The ultimate purpose for creating high resolution physical maps of the human genome is to create a scaffold for organizing large scale sequencing (7). Physical maps based on STS landmarks are used to develop so-called ‘sequence-ready’ clones consisting of overlapping cosmids or BACs. As the HTG sequence data derived from these clones are submitted to GenBank, STSs become crucial reference points for organizing, presenting and searching the data. NCBI uses ‘electronic PCR’ to compare all human sequences with the contents of the STS division of GenBank; this identifies primer-binding sites on the human sequences that may be amplified in a PCR reaction. This tool permits the assignment of an initial location on the map for sequence data and the association of existing GenBank entries to the new reference sequence. The electronic PCR tool is available on the web to enable any researcher with a new human sequence to relate that sequence to existing maps and HTG sequence data.

Genome survey sequence (GSS) data

The GSS division of GenBank continues to grow rapidly, having increased by 50% to a total of 2 681 177 records with >1.4 billion nucleotides. GSS records represent ‘random’ genomic sequences, but are predominantly represented by ‘BAC ends’ which are single reads from bacterial artificial chromosomes used in a variety of genome sequencing projects, notably that of human (870 098 records), Oryza sativa (93 118 records) and Tetradon nigroviridis (188 963 records). The human data is being used (www.ncbi.nlm.nih.gov/genome/clone) along with the STS records in tiling the BACs used for the Human Genome Project (8).

HTG data

The HTG sequences in the HTG division of GenBank are unfinished large-scale genomic records that are in transition to a finished state, after which they will be placed in the appropriate organism division (9).
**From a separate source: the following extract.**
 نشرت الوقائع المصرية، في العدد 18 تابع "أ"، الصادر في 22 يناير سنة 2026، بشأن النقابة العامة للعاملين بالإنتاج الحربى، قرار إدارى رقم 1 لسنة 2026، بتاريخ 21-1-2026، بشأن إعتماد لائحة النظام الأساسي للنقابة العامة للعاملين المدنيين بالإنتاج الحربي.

These records are designated as Phase 0–3 depending on the quality of the data. Phase 0 records consist of survey sequences generated to characterize clones and may or may not progress to Phase 1. Phase 1 records contain unfinished sequence, and may consist of unordered, unoriented contigs with gaps. Phase 2 records contain unfinished sequence as ordered, oriented contigs, with or without gaps. Phase 3 records consist of finished sequence, with no gaps and may have annotations. When a HTG record reaches Phase 3 it is moved from the HTG division into the appropriate taxonomic division of GenBank. It is now clear that a great number of human sequences will remain in the unfinished (HTG) division of GenBank as working draft sequence, while completed sequences will continue to move to the corresponding taxonomic division (PRI). Together these two divisions have added some 4000 Mb of new genomic sequences from US-sponsored laboratories over the last 2 years.

HTC data

A new GenBank HTC division has been created for high-throughput cDNA sequencing data. HTC sequences may be single-pass sequences that may have 5′-UTRs and 3′-UTRs at their ends, partial coding regions, and introns. HTC sequences which are finished and of high-quality will be moved to the appropriate taxonomic GenBank division. As of August 2001, GenBank contained 21 326 HTC sequences totalling 26 832 389 bases. The bulk of these HTC sequences, 91%, are from M.musculus while ∼8% are from H.sapiens. A recent project generating HTC data has been described (10).
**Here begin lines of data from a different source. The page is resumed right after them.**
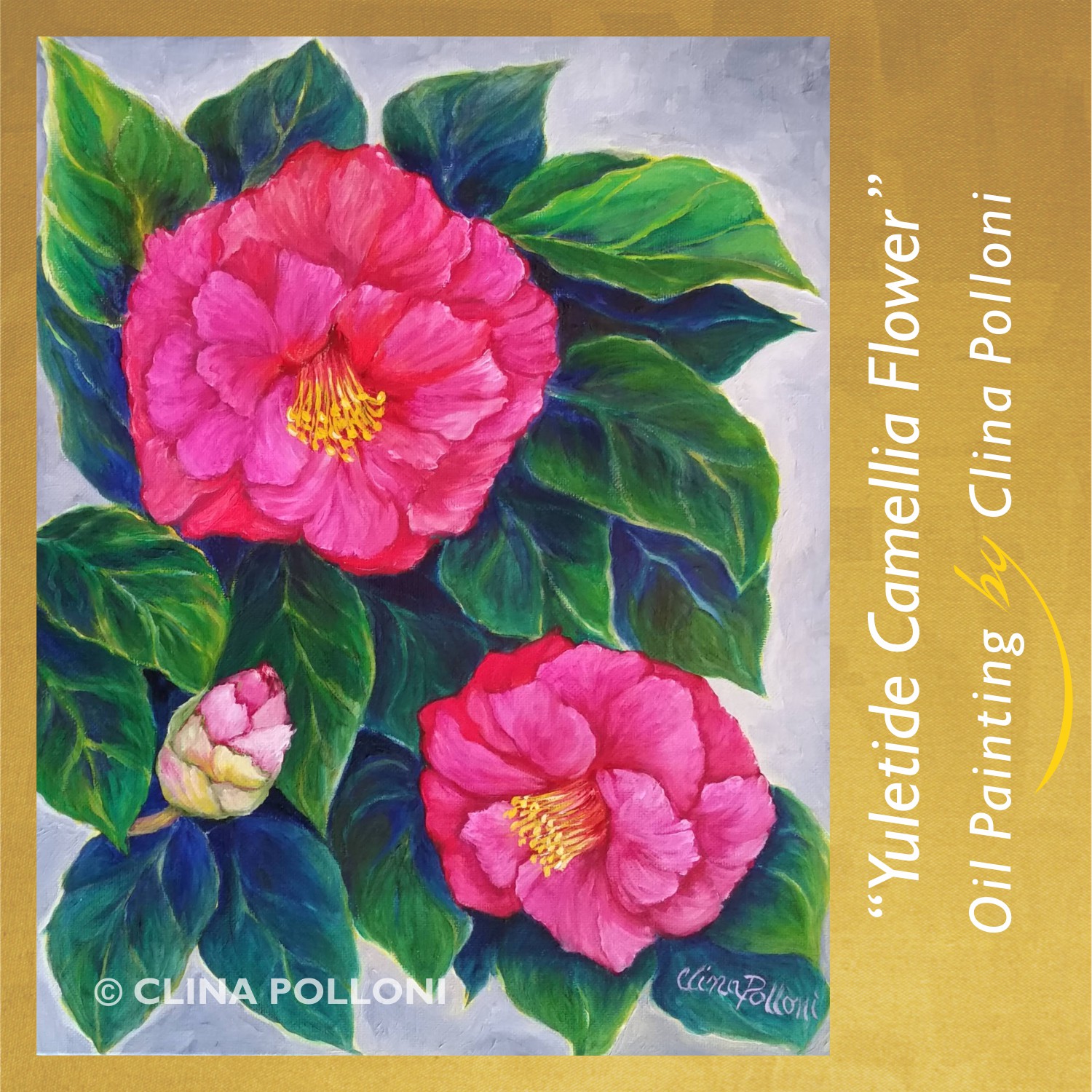 #yuletidecamellia #camelliaflower #raleighnc #floral #wakeforestnc #thecottonco #loveflowers #clinapolloniart #clinahpolloni #artistachilena #northcarolinaartist #oilpainting #paintingforsale
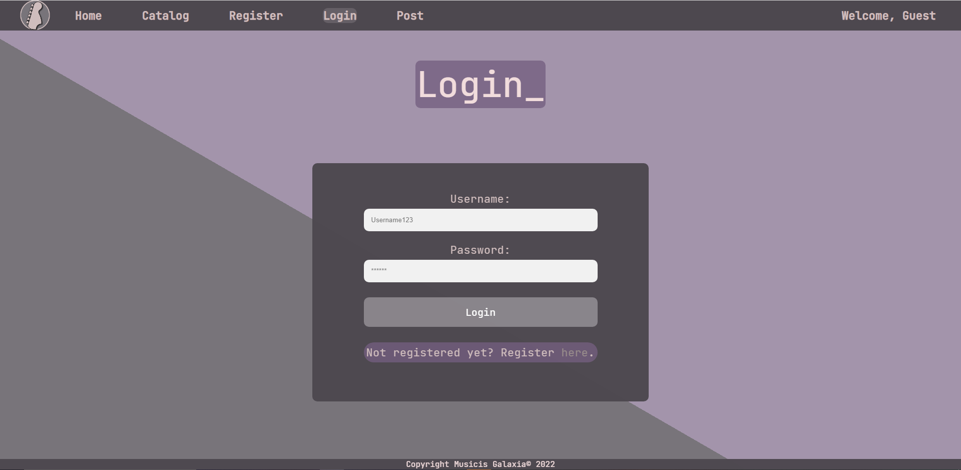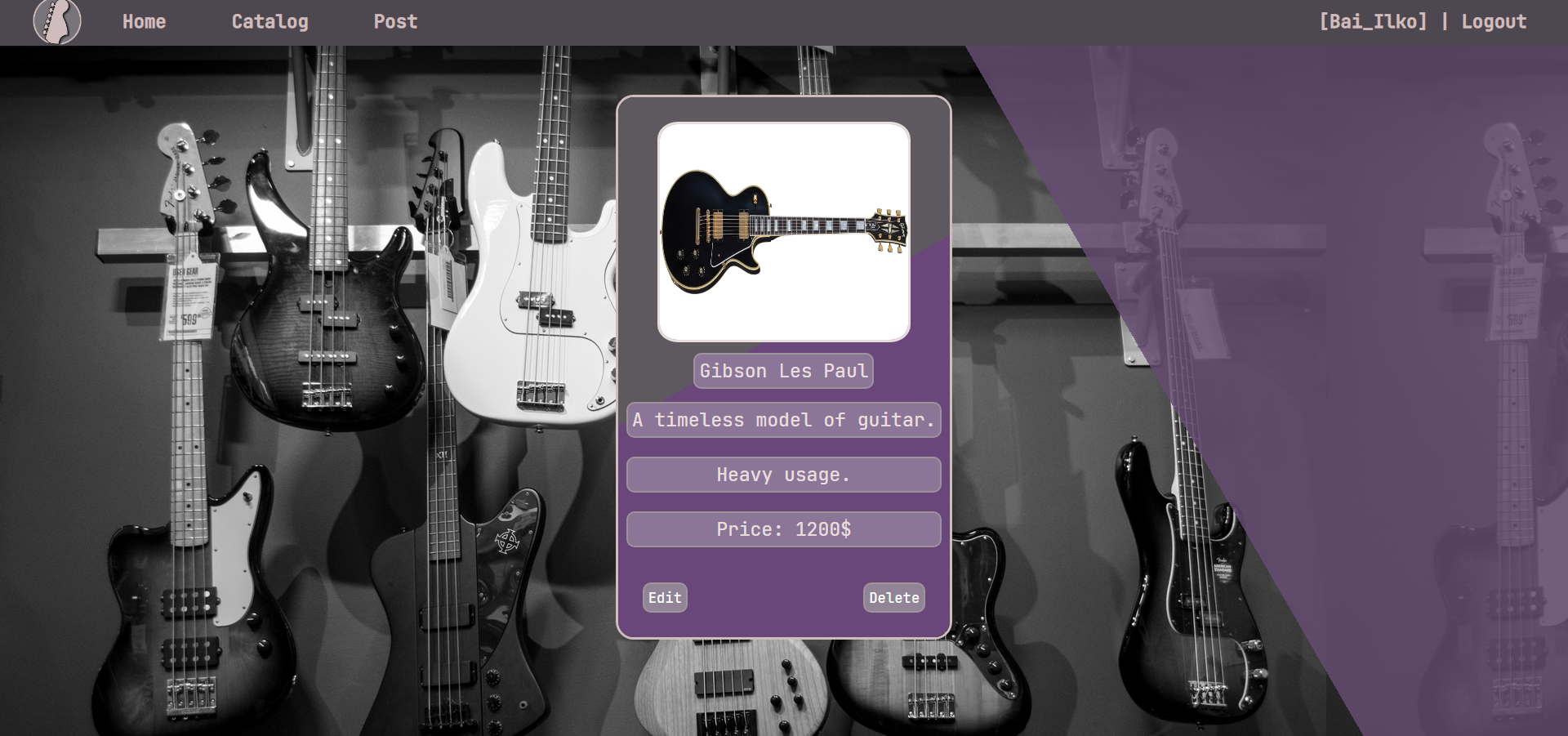 Every user is able to register and log in their profile. They are then able to post offers on instruments, amplifiers or miscellanious items such as strings, guitar picks, etc.
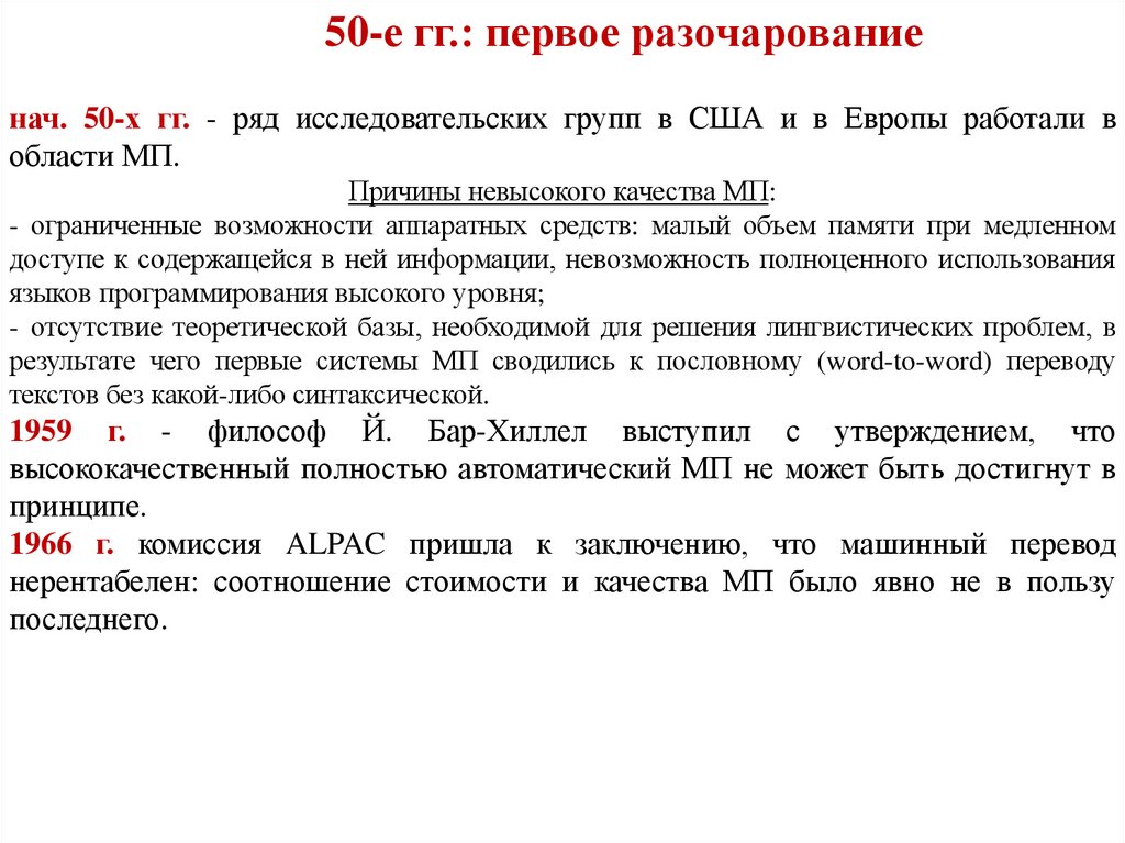 1966 г. комиссия ALPAC пришла к заключению, что машинный перевод
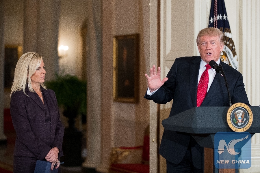 File Photo: U.S. President Donald Trump (R) speaks during the introduction of Kirstjen Nielsen as Secretary of Homeland Security nominee at the White House in Washington D.C., the United States, on Oct. 12, 2017. (Xinhua/Ting Shen)
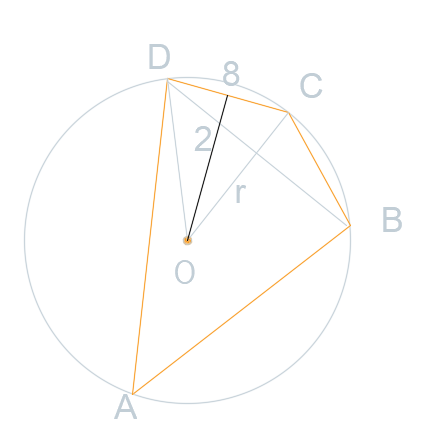 Czworokąt o boku 8 jest wypisany w okrąg. Odległość między tym bokiem a środkiem okręgu wynosi 2. Wyznacz długość promienia okręgu.

Sequence identifiers and accession numbers

Each GenBank DNA sequence record is assigned an accession number, which is a stable and unique identifier for the GenBank entry as a whole, and does not change, even when there is a change to the sequence or annotation. In order to identify specific sequences from different sources, as well as keep track of modifications to the actual sequence data, NCBI additionally assigns a unique identifier, termed a ‘gi’ number, to each sequence. When a change in a sequence occurs, a new gi number is assigned to the new sequence version. These gi numbers appear on the VERSION line of GenBank records following the accession number.

By agreement among the collaborative DNA sequence databases, a third identifier was introduced in February 1999 which consolidates the information present in both the gi and accession numbers. GenBank displays this identifier on the VERSION line, which appears below the ACCESSION line in the GenBank flat file format and is of the form ‘Accession.version’. For example, an entry appearing in the database for the first time has a VERSION number equivalent to the ACCESSION number followed by ‘.1’ to reflect that this is the first version of the sequence in this entry, e.g.

ACCESSION AF000001

VERSION AF000001.1 GI: 987654321

If the nucleotide sequence changes, then so will the gi number and the version, but the accession will remain the same.

A similar system for tracking changes in the corresponding protein translations was also introduced in February 1999. Protein sequences now have identification numbers (in the format of three letters followed by five digits, e.g. AAA00001) that do not change, followed by a version number that increases with each subsequent version of the sequence. This identifier appears as a qualifier for a CDS feature in the FEATURES table portion of a GenBank entry, e.g. /protein_id=‘AAA00001.1’ Protein sequence translations also currently receive their own unique gi number, which appears as a second qualifier on the CDS feature: /db_xref=‘GI:1233445’.

BUILDING THE DATABASE

The data in GenBank, and the collaborating databases EMBL and DDBJ, come from two sources: (i) individual authors who submit data directly to one of the databases, and (ii) bulk submissions from sequencing centers in the form of ESTs, STSs, GSSs, HTCs or large genomic records (usually sequences from cosmids, BACs or YACs). Data are exchanged daily with DDBJ and EMBL so that the daily updates from NCBI servers incorporate the most recently available sequence data from all sources.

Direct submission

Virtually all records enter GenBank as direct electronic submissions, with the majority of authors using the BankIt or Sequin programs. Many journals require authors with sequence data to submit the data to a public database as a condition of publication.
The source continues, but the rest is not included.